To preserve site-specific parameter settings and commands, create the following files. These files are not overwritten when you reinstall TCP/IP Services.

  • SYS$STARTUP:TCPIP$TFTP_SYSTARTUP.COM can be used as a repository for site-specific definitions and parameters to be invoked when TFPT is started.
  • SYS$STARTUP:TCPIP$TFTP_SYSHUTDOWN.COM can be used as a repository for site-specific definitions and parameters to be invoked when TFTP is shut down.

11.2.5 Enabling and Disabling TFTP

To enable and disable TFTP, use these commands:

  • On the running system:
    • ENABLE SERVICE TFTP
    • DISABLE SERVICE TFTP
  • In the configuration database:
    • SET CONFIGURATION ENABLE SERVICE TFTP
    • SET CONFIGURATION DISABLE SERVICE TFTP

To check whether these services are enabled or disabled, use these commands:

  • SHOW SERVICE TFTP
  • SHOW CONFIGURATION ENABLE SERVICE TFTP

The following example illustrates how to obtain complete information about TFTP settings and statistics:


TCPIP> SHOW SERVICE TFTP /FULL

Service: TFTP
                           State:     Enabled
Port:            69     Protocol:  UDP            Address:  0.0.0.0
Inactivity:       5     User_name: TCPIP$TFTP     Process:  TCPIP$TFTP
Limit:            1     Active:         1         Peak:          1

File:         SYS$SYSDEVICE:[TCPIP$TFTP]TCPIP$TFTP_RUN.COM
Flags:        Listen

Socket Opts:  Rcheck Scheck
 Receive:            0     Send:               0

Log Opts:     Acpt Actv Dactv Conn Error Exit Logi Logo Mdfy Rjct TimO Addr
 File:        SYS$SYSDEVICE:[TCPIP$TFTP]TCPIP$TFTPD_RUN.LOG

Security
 Reject msg:  not defined
 Accept host: 0.0.0.0
 Accept netw: 0.0.0.0

11.3 TFTP Security

For security purposes, the server runs as an unprivileged image that can access only the directories and files for which it has read access.
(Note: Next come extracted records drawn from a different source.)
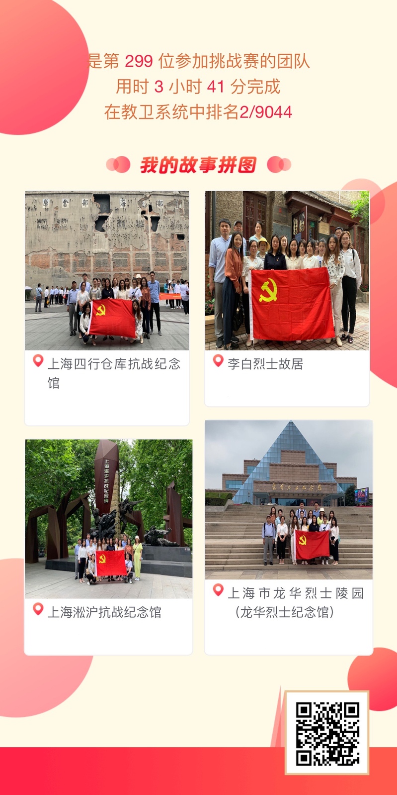 年轮滚动,足迹犹在,岁月流逝,初心不改。为迎接建党一百周年,充分调动党员的党史学习热情,提升支部凝聚力和战斗力,机械与能源工程学院教师党支部和学生党支部积极开展“我为建党百年打卡”活动,于2021年6月4日连续打卡上海龙华烈士陵园、上海淞沪抗战纪念馆、上海四行仓库抗战纪念馆和李白烈士故居纪念馆。党总支书记何永艳、副书记郭华、副院长陈永平及各支部党员共同参加活动。
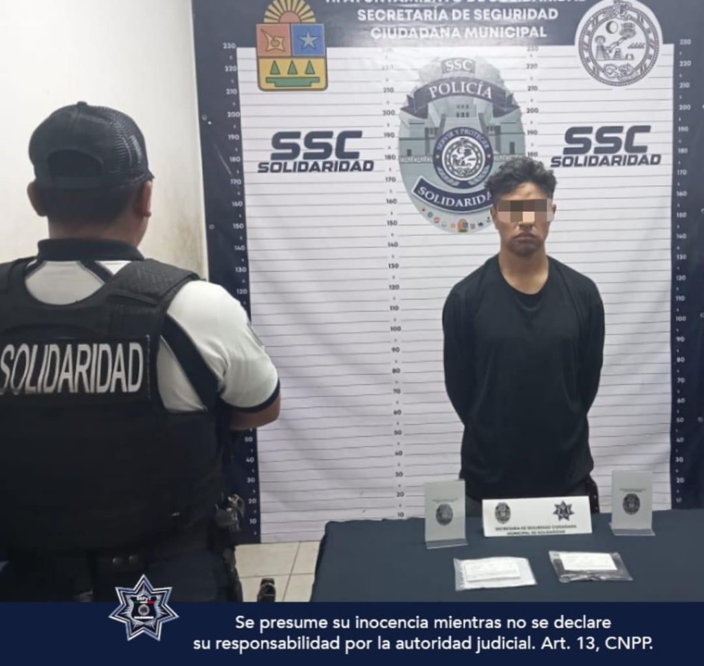 Cuando patrullaban sobre la Quinta Avenida Bis, los oficiales de la Policía Turística atendieron a un ciudadano que señaló a Emmanuel «N» de 29 años de edad, originario de Tlaxcala, como quien momentos antes ingresó al comercio donde labora y le exigió un pago bajo amenazas a modo de derecho de piso, por lo que de inmediato los policías le dieron alcance y tras una inspección le aseguraron una hoja de papel con una amenaza escrita, por lo que fue puesto a disposición de la Fiscalía General del Estado para las indagatorias correspondientes.
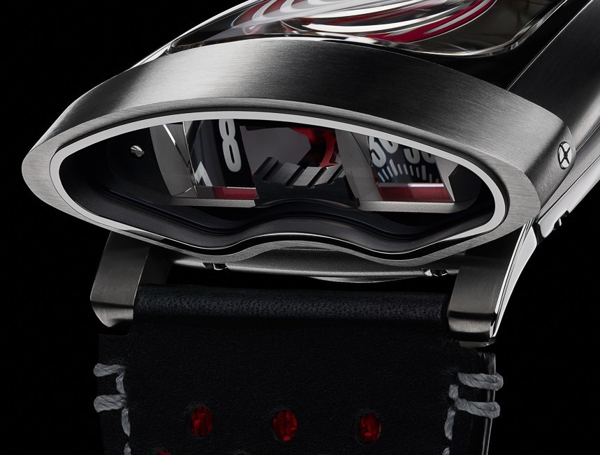 從材料的角度來看,MB&F HMX 表殼最簡單的一面是鈦和鋼。頂部有藍寶石水晶,可以看到機芯的“發動機艙”,前面是查看時間的地方,手表下面是放置 22k 金轉子的地方。只是我,還是表盤看起來像倒置的嘴唇?MB&F 并不是唯一一家受到汽車發動機艙啟發的手表制造商——HM5 中機芯的顯示方式尤其受到了法拉利的啟發。至少與 HM5 相比,一個有趣的變化是,使用 MB&F HMX,您可以通過藍寶石水晶看到機芯,您可以看到時間。
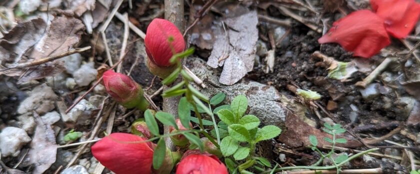 さて、この健気に地面に咲く木瓜をこのままにしておくのは可哀そう。近く鉢に植え替えをしようと思っている。
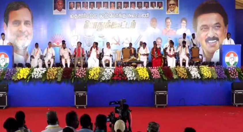 சோளிங்கர் அருகே பாண்டியநல்லூரில் மதச்சார்பற்ற முற்போக்கு கூட்டணி சார்பில் தேர்தல் பிரச்சார பொதுக்கூட்டம் நடைபெற்றது. கூட்டத்தில், மக்களவை எதிர்க்கட்சி தலைவர் ராகுல்காந்தி கலந்து கொண்டார். அப்போது, திமுக வேட்பாளர்கள் அமைச்சர் ஆர்.காந்தி, ஈஸ்வரப்பன், காங்கிரஸ் வேட்பாளர் ஏ.எம்.முனிரத்தினம், விசிக வேட்பாளர் எழில் கரோலின் ஆகியோரை ஆதரித்து ராகுல்காந்தி பேசியதாவது:
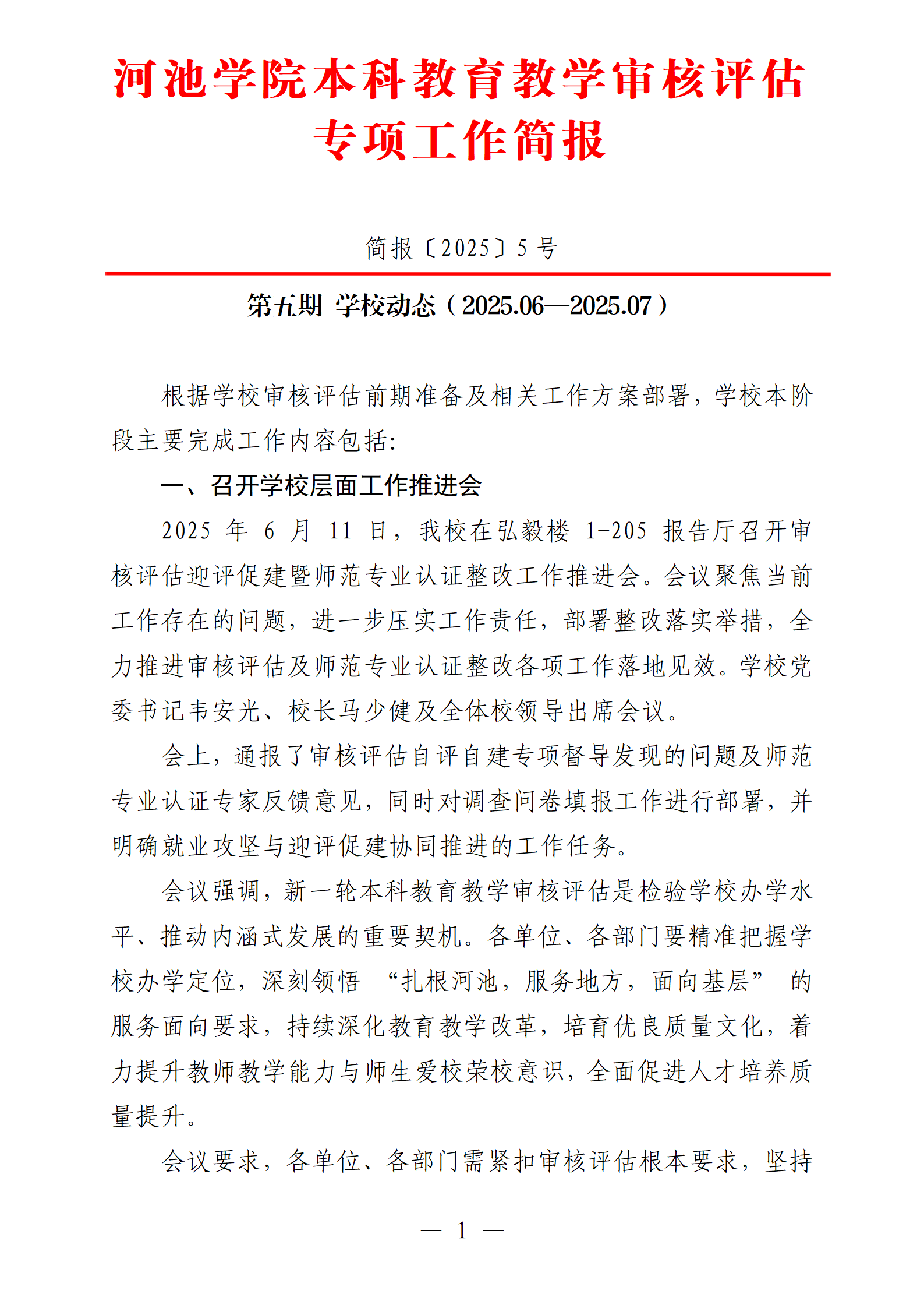 河池学院本科教育教学审核评估专项工作简报第五期
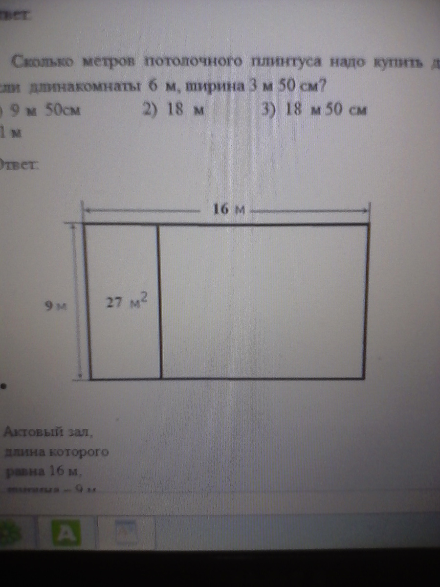 Сколько метров потолочного плинтуса надо купить для комнаты,если длинна комнаты 6м, ширина 3м 50см?
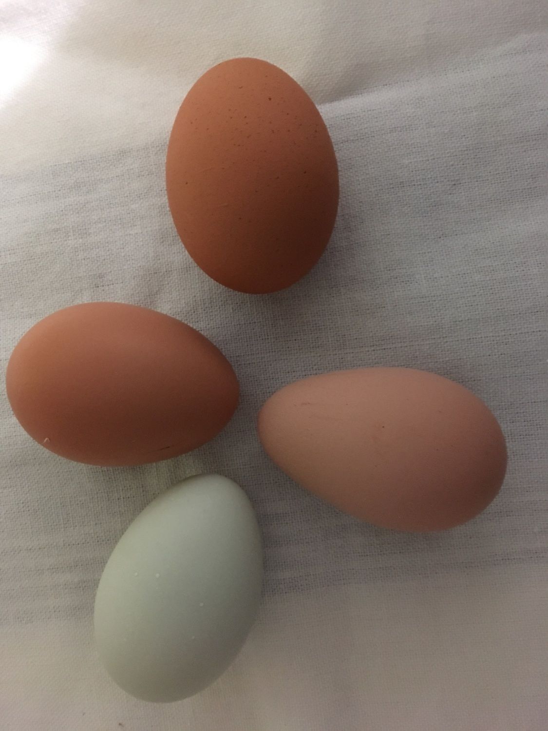 Halleluyer!! Eggs. The girls finally came through. My EE Ethel Mertz laid the most perfect green egg. Four of the girls decided to lay their first egg yesterday. Beautiful.

HP recommends that you safeguard your system's normal file protection mechanisms from unauthorized TFTP access. In particular, ensure the security of system files.

A client's download request can use one of several formats for its file name specification:

  • If the unprivileged TFTP server has read access to the requested file, the client uses a fully qualified file name, including the device, directory, name, and extension, to directly access the file.
  • If the client specifies only the file name and extension, the TFTP server attempts to locate the file in the default TFTP directory tree.
    You can designate this directory tree with the system logical name TCPIP$TFTP_ROOT:. This is a concealed device name that usually points to the directory SYS$SYSDEVICE:[TCPIP$TFTP_ROOT]. When looking for a directory, the TFTP server looks first in the TCPIP$TFTP_ROOT: area with the same name as the requesting client's host name.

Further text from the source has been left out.